Curiosity-driven research has been shown to be key in producing high-impact applications that break the paradigm rather than contribute to incremental improvements. By working at the cutting edge of new technologies, and utilising the rare capabilities of our design and fabrication workshops to develop low mass materials and solutions and capitalising on our strengths in metrology, significant developments of benefit to a far wider community can be produced. Our current portfolio gives examples of such applications; we fully expect that others will develop during the period of this grant.
Our research into detectors & sensors has applications in many other fields. Work on photomultiplier tubes for LHCb has resulted in Photek UK marketting new photodetectors with wide-ranging applications in PET & neutron imaging, for use in many sectors e.g. space and healthcare. Future work will enable further advances in this technology. CICADA is a detector system we are developing with STFC-RAL targeted at Free Electron Laser facilities, which will benefit many sectors including energy (catalysis), chemistry (phase changes), life sciences (protein imaging), the community of users, and companies who may want to license the technology for mass-production. Enabled by the Oxford Physics Microstructure Detector Laboratory we are collaborating with a cluster of Oxford departments that will exploit Medipix systems. These include new detectors for electron microscopy (Materials Science), improvements in resolution for TOFMS (Chemistry), and work by the Luminescence Dating Laboratory (Archaeology). Our work on scintillator characterization for LZ has enabled contact-free temperature measurement technology for use at beamlines (e.g. Diamond), this will lead to benefits for many users including in health/life science. Building on the successful development of a new DAQ system for optical interferometry we are expanding our industry collaboration into the development of a novel interferometric instrument that will produce a step change to the abilities of our currently licensed interferometry & DAQ technologies. We will further extend the DAQ aspects into the development of an optical PMT readout system with real time pulse shape analysis for the SNO+ upgrade, in collaboration with industry.

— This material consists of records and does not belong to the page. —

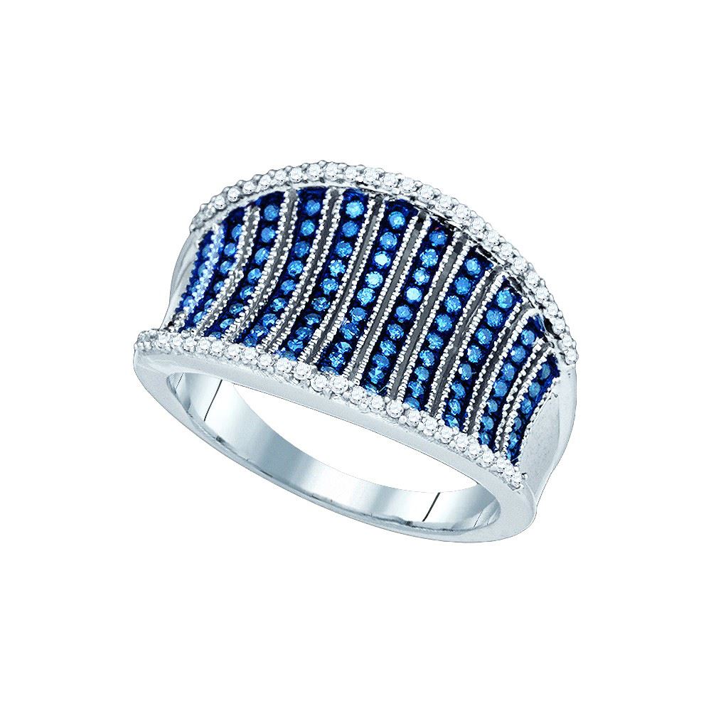 REF-69A9N ---- 0.45 CTW Blue Colored Diamond Cocktail Concave Ring 10K White Gold - SKU: GD81440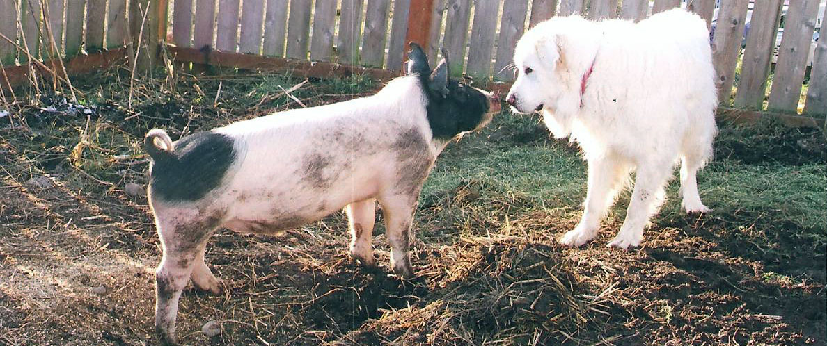 A brother and sister were all that were left of the four-month old family that had been slaughtered during the prior week for the holidays. I could only take one and allow it to live. The heartbreaking decision was made easier because the baby female, fearful at being watched, buried her head in a pile of straw. The male came forward, cocked his head and fixed an inquisitive stare at the two-legged giant on the other side of the pen.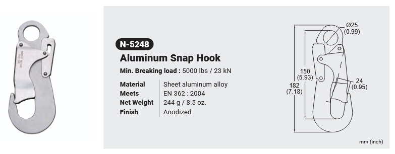 N-5248 / ALUMINUM SNAP HOOK Canadian Office 580 Industrial DriveFort Erie, ONCanadaL2A 5M4 U.S.A. Address 2221 Kenmore AveSuite 106Buffalo, NY14207-1306 Head Office Address YOKE Industrial Corp.#39,33rd RoadTaichung Industrial ParkTaichung 407, Taiwan, R.O.C. Contact Us TEL 905-871-7111 custservice@yoke-niagara.com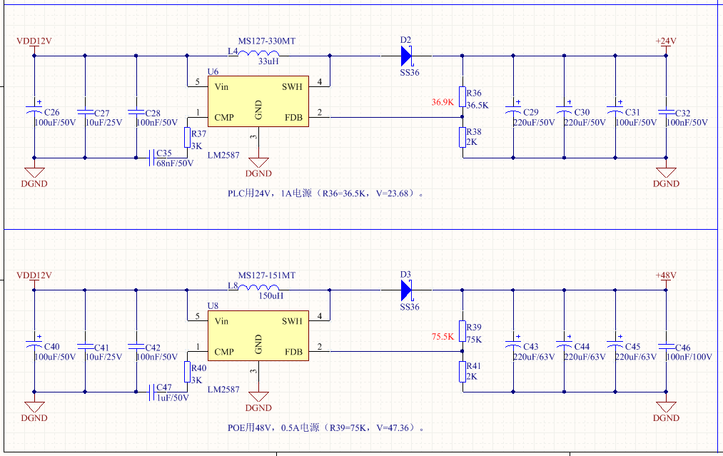 你好!我用LM2587ADJ 12V升24V,12V升48V,升24V的输出带1A负载,除了发热,峰峰值为600mV以为再工作正常。但升48V的,带0.1A左右的负载,电路就有响声,而且用示波器测试出现了锯齿波,负载增大到0.5A时,响声更大,而且锯齿波的幅值也随着增大,示波器显示峰峰值3.4V,不知为何,是我电感太小还是我的肖特基二极管SS36使用不当?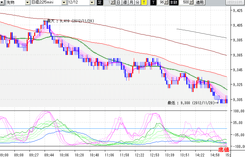 2012/11/28 - tensokoさんの株式ブログ。タイトル:「★11/28 日中の株価の天底★」 本文:★11/28 日中の株価の天底★ ↓クリックで画像拡大↓ ↓クリックで画像拡大↓ ※指標ラインの密集点が天底・転換点を示します。指標の見方日経225mini先物チャート(上) :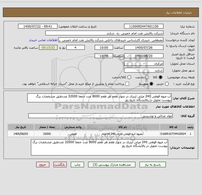 شرح کلی نیاز: آب میوه قوطی 240 میلی لیتری در چهار طعم هر طعم 8000 عدد جمعا 32000 عددطبق مشخصات برگ پیوست تحویل در پالایشگاه تاریخ روز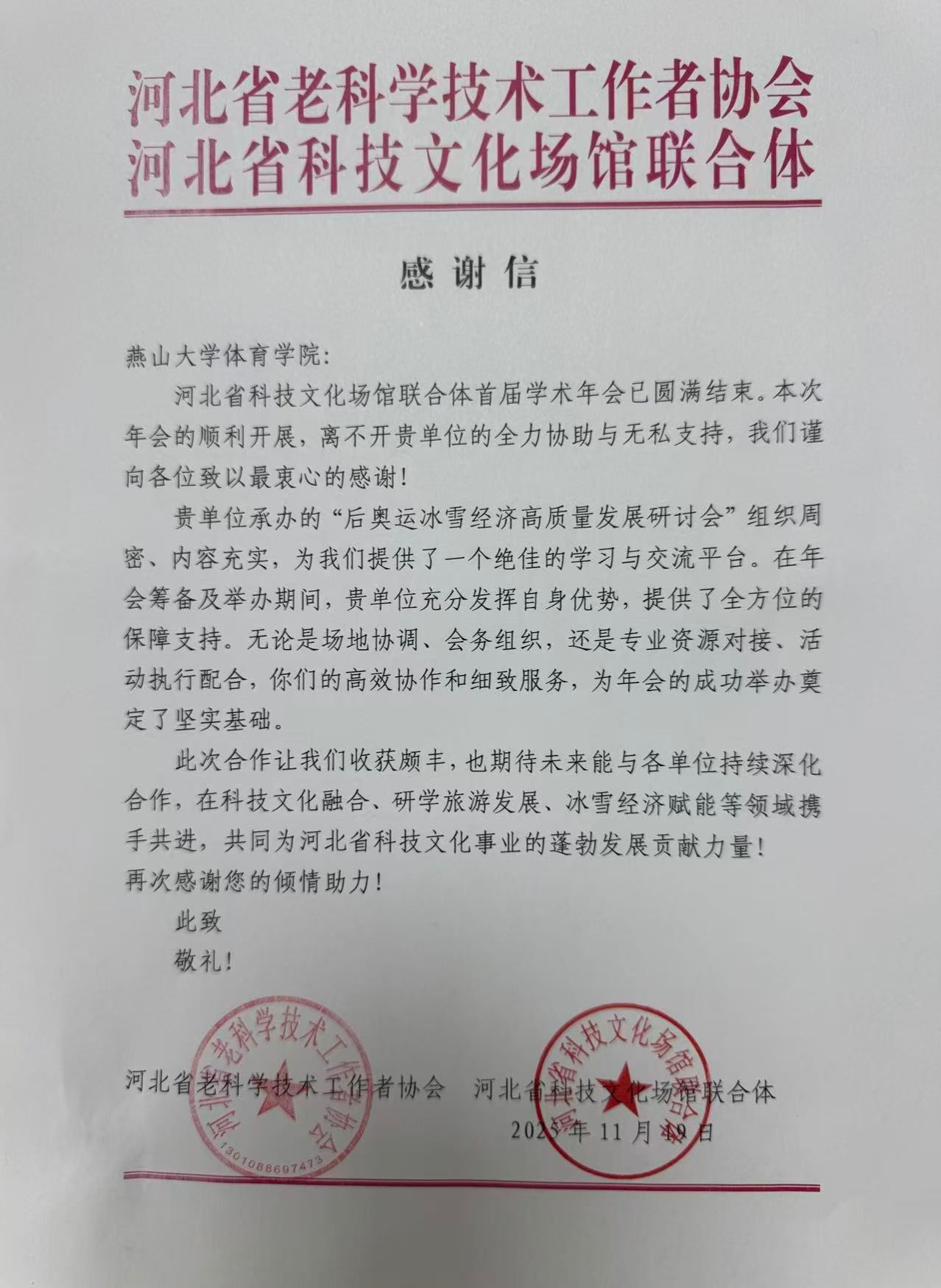 近日,河北省老科学技术工作者协会与河北省科技文化场馆联合体向燕山大学体育学院发来感谢信,对其在河北省科技文化场馆联合体首届学术年会中的突出贡献予以高度赞扬。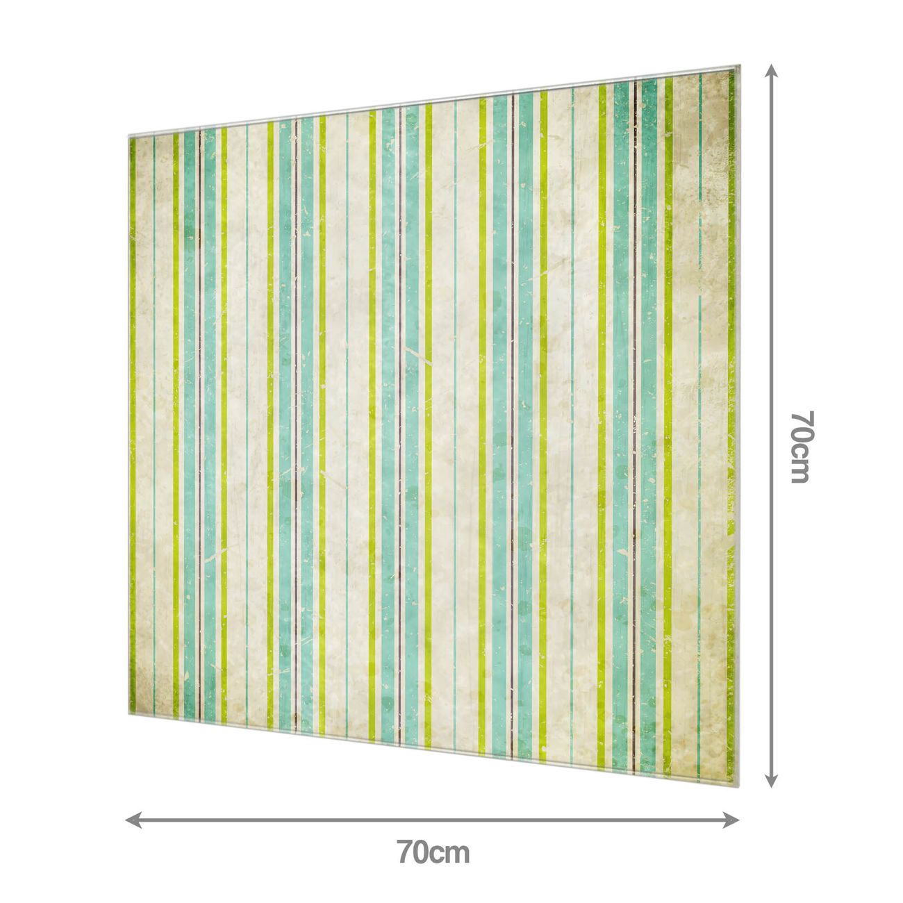 Material: 4mm Sicherheitsglas mit Metallrückwand Eigenschaften: beschreibbar, magnetisch, kratzfest Maße: 70x70x0,6cm, 10,50 kg schwer Motiv Nummer 11268 Vintage Streifenmuster Zubehör: inklusive 4 Neodym-Magnete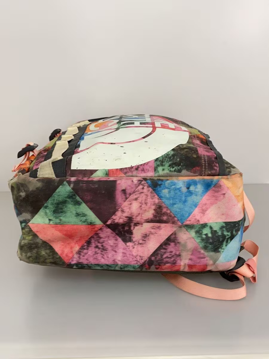 This backpack is a great find! The multicolor all-over pattern gives it a unique, stylish look. Despite some minor scratches and peeling, it's still very functional with plenty of space—perfect for daily use or travel. The size is ideal, and the material feels durable. Love the vintage vibe from the wear, making it stand out even more. A solid choice for anyone wanting a reliable and eye-catching backpack!
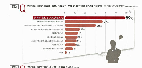 業界紙のニュースで、顧客層や要望がどのように変化したか聞いたところ「予算が合わない人が増えた」が約60%で最多となりました。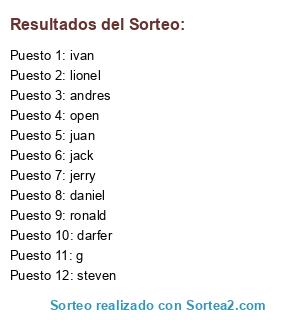 Lista de participantes: ronald, g, andres, jack, juan, lionel, jerry, darfer, steven, ivan, daniel, open.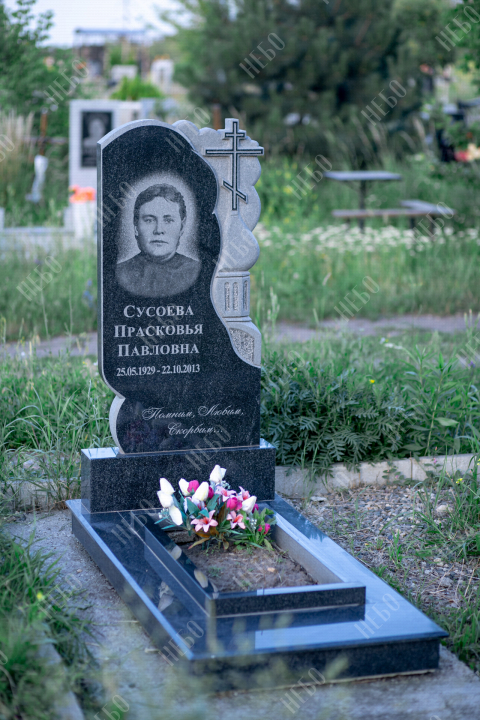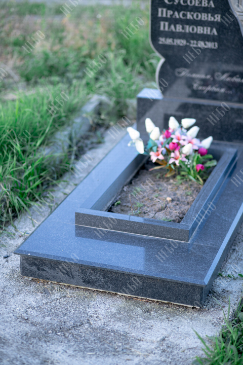 Памятник фрезерный с крестом и открытым надгробием. Использование фрезеровки в изготовлении ритуальных изделий гарантирует высочайшую точность исполнения запланированного дизайна. С помощью этой технологии в камне высекаются углубления по заданным макетам, придавая памятнику объем, позволяя комбинировать различные элементы и создавать сложные фигуры. На фрезерованном памятнике удачно контрастируют цвета и в солнечную погоду играют тени от объемных деталей. Открытое надгробие позволит в дальнейшем использовать пространство на его поверхности для высадки цветов или других растений. Размеры стелы и надгробия соответствуют заданным нормам при имеющейся нагрузке и исключают деформации изделия со временем.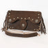 Channel rugged Western beauty with the Ranch Star Crossbody — a statement piece that captures the spirit of the frontier with a touch of refined edge. Handcrafted from rich brown suede, it features antique silver conchos, rustic studs, and a distinctively shaped flap that brings bold cowgirl energy to every outfit. The cascading side fringe adds movement and personality, while the suede-and-chain strap offers versatile styling as a clutch or crossbody.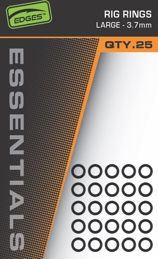 Gli anelli Fox Edges Essentials Rig consentono un movimento fluido dell'esca sul gambo dell'amo o sul D-rig. Gli anelli sono perfettamente rotondi e presentano un rivestimento antiriflesso per una quasi totale invisibilità sott'acqua.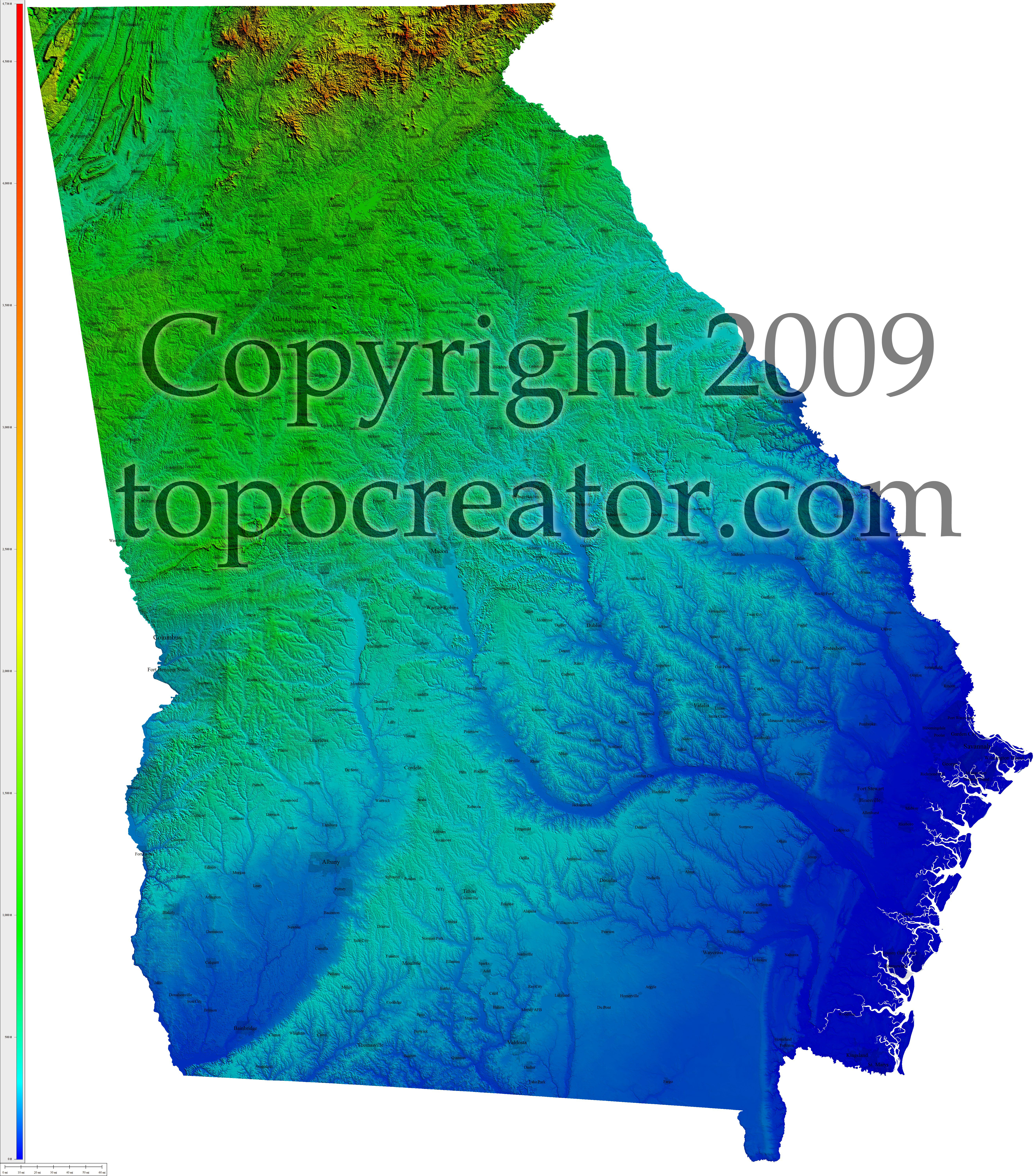Terms of use. All maps displayed on this page or downloadable via a "download" link on this page are © 2009 topocreator.com released to the public under a Creative Commons Attribution-Share Alike license. Maps are available for purchase for a small fee for educational, personal, and commercial usage under an alternative license. The elevation data used in the creation of these maps has been obtained through the USGS, NOAA, and the US Census Bureau via the public domain.

The Wow Factor of particle physics- unravelling the mysteries of the universe with huge high-tech infrastructure- makes it ideal to engage people with science. Outreach is a core part of our long term strategy. Existing outreach will be enhanced by three programmes of engagement targeting schools, community groups and the wider public to international scale, helping the public & policymakers appreciate how our understanding of the universe is advancing & the role of projects like the LHC. School workshops will attract more students to study physics at university (increasing the UK's technological competitiveness internationally, building a high-tech skill base in society, education, economy, health & security to directly enhance UK quality of life). These are supplemented by novel approaches: ATLAS/MINEcraft project, LHSee/Collider smartphone apps; and activities: Masterclasses & UNIQ Summer Schools. Citizen science project Higgs Hunters (higgshunters.org) allows users to scan displays of Higgs candidate events searching for decays (reaching 37k people from 179 countries). Through annual Stargazing Oxford events (>1000 visitors), our Particle Physics Stall and the Superstrings/Einstein's Universe lectures held within the department and at a wide range of community events and larger science festivals we demonstrate the principles of fundamental particles, electricity and cosmology to critical acclaim, making our science more accessible and encouraging interest in new results as they are announced. The unprecedented media storm around the Higgs discovery in July 2012 indicates significant success in this endeavour.